The sales process was, in principle, carried out by a tripartite organizational structure made up of a minister, a commission of high government officials, and a price-setting board. Sales were done through stock-market listings, tenders, concessions and sometimes workers' shares. Sales of large industrial or financial firms often combined different methods.39

All in all, the privatization program looks like a success: by 2006, proceeds from the 114 companies that were privatized had reached approximately $11 billion. Yet, despite all the legislative and administrative provisions, three features stand out. The great majority of acquisitions secured by foreign companies were done through tenders. Most transfers involving domestic companies were done either through concession — "attribution directe" — or through listing on the Casablanca Stock Exchange. The royal holding company Omnium Nord Africain and its affiliates acquired the major and most profitable public companies. This allowed the royal family to deepen and expand its control across key sectors of the economy, including agribusiness, finance, insurance, real estate, telecommunications and technology.

The involvement of the monarchy in the economic sphere became so conspicuous that the independent media began to use the term "Alaouization," playing on the name of the royal family to describe as the latest stage of economic transformation, after "Moroccanization" and privatization. This economic takeover conflicts with Morocco's stated commitment to economic and administrative reform, particularly with the effort to create a new and modern entrepreneurial class that can inject a fresh dynamism into the economy and create job opportunities.

The king's fortunes: A Forbes 2009 Special Report, The World's Richest Royals, includes the following:

Most royals may have to be a bit thriftier this year as fortunes plummet, but it's not so for the King of Morocco, Mohammed VI, whose 12 palaces reportedly cost $1 million a day to operate. His net worth is up $1 billion this year to $2.5 billion, making him the only one of the world's 15 richest royals to have added to his fortune in the past year.40

According to the magazine, the king earned his seventh-placed ranking thanks to a surge in the price of phosphates, nearly half of world reserves of which are located in Morocco. But phosphate revenues are not the king's only source of wealth. The royal group Omnium Nord-Africain, a financial and industrial conglomerate, dominates key sectors of the economy through its "subsidiaries," Société Nationale d'Investissement and Siger. The combined value of royal holdings in finance, mining, telecommunications, real estate, energy, construction, commercial distribution and agribusiness constitute 30 percent of Casablanca's stock exchange. Much of this fortune has been built in a non-transparent environment since Mohammed VI came to power.41


In Morocco, the problem of corruption is intertwined with the political environment. During the past decade, the hold of the monarchy on the political and economic spheres — already strong since the 1970s — has become even more entrenched and sophisticated. "Good governance" provided a political rationale for completing its domination over the formal political process and modern economic sector. This is a particularly challenging problem; the monarchy is not just another political and economic actor that can be reined in through institutional capacity building.
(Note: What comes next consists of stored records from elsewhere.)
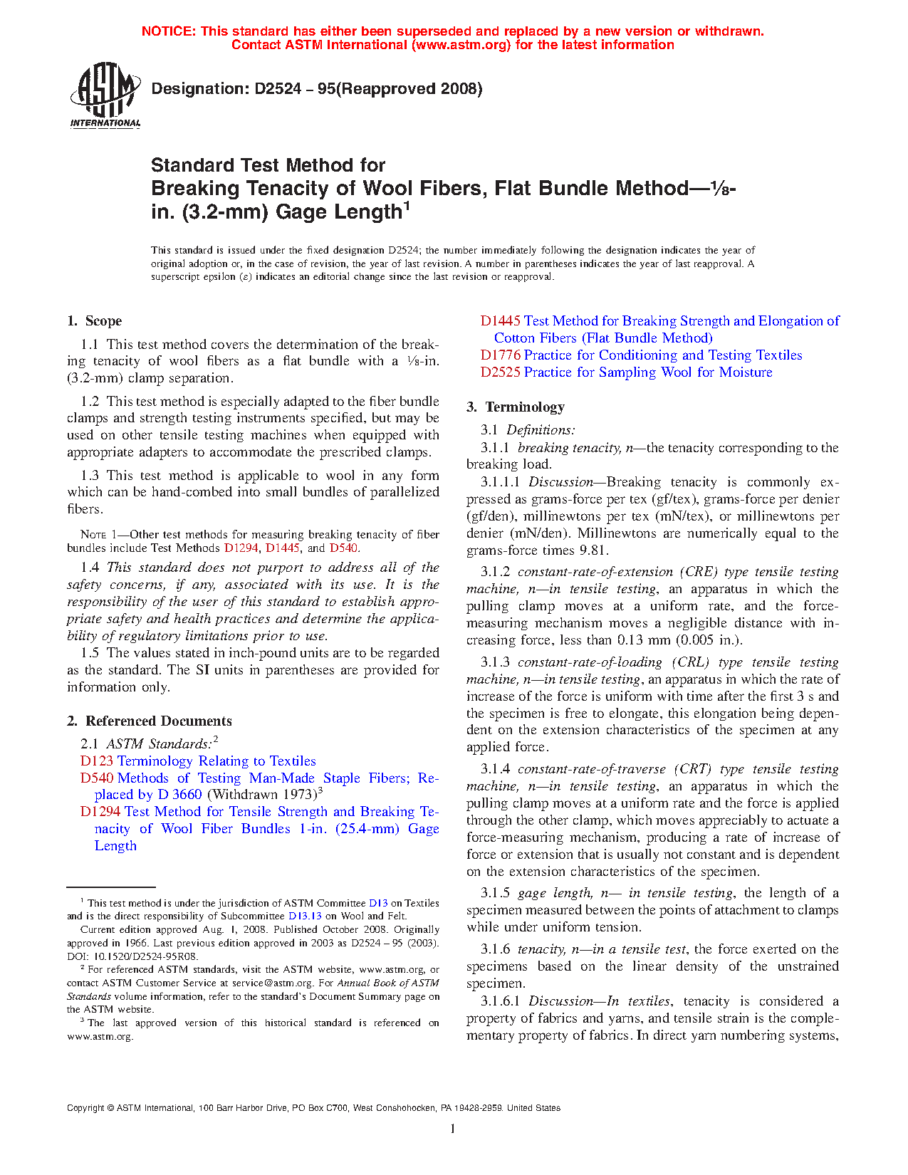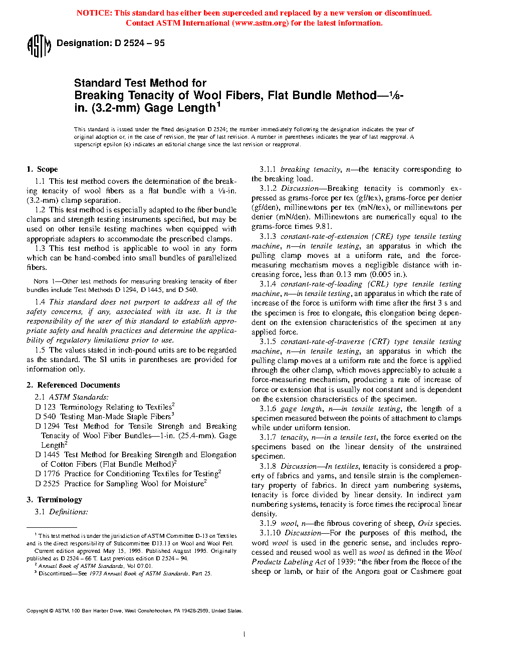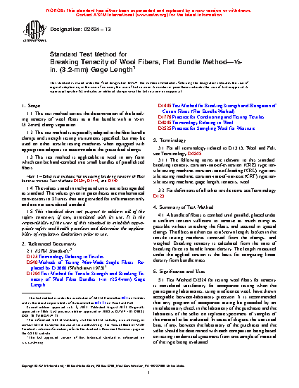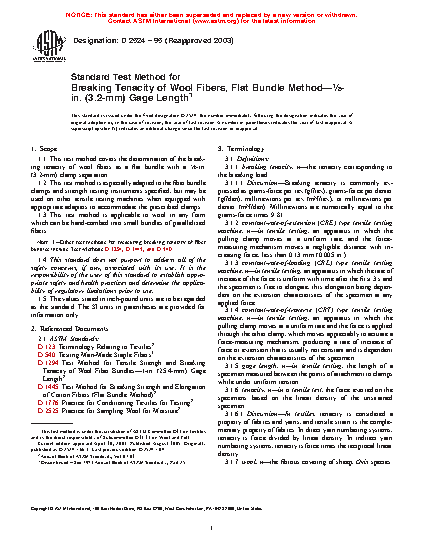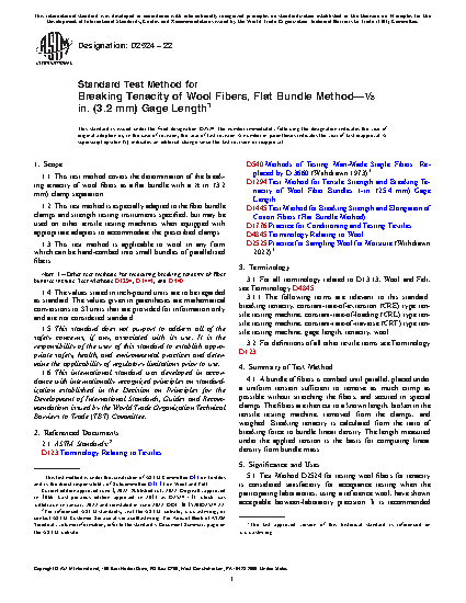 1.1 This test method covers the determination of the breaking tenacity of wool fibers as a flat bundle with a 1/8 in. (3.2 mm) clamp separation.
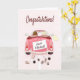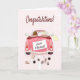 Envoyez au couple heureux cette carte de félicitations pour leur mariage. Un couple heureux se déplace avec un panneau ‘Just Hitched’ et des boîtes à l'arrière de leur convertible. Design © 2015 Julia Bryant.
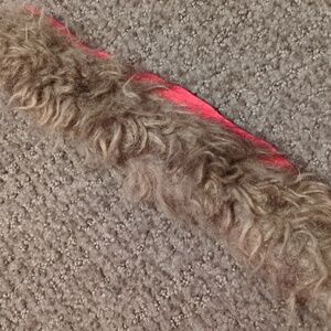 Euc except for a couple marks on arm seam and the inner waist elastic appears to have broken so it's currently tied together. fur hood is matting as is usual with normal wear. I imagine a tailor could easily replace this like new for a small charge.

Moreover, the monarchy is a producer of political and economic norms that other important actors emulate and exploit.

Morocco's failing anti-corruption experiment raises crucial theoretical and practical questions regarding the World Bank's current approach to reduce corruption and improve the delivery of services to citizens. It challenges some of the major explanations of why anti-corruption measures often fail in developing countries. The problem of corruption worsened even as successive governments intensified efforts to curtail it. These efforts include a political commitment at the highest levels; public-awareness campaigns through the independent media and civil society; the establishment of specialized bodies to hear corruption complaints; institutional policing and oversight; highly publicized executive reprimands; various administrative reforms and anti-corruption laws; and coordination with significant, independent and organized entrepreneurial groups. Moreover, the government often solicits the expertise and assistance of international organizations to address the problem of corruption and governance. In sum, Morocco's failure cannot be explained away simply as a problem of political will, institutional incapacity or weak civil society.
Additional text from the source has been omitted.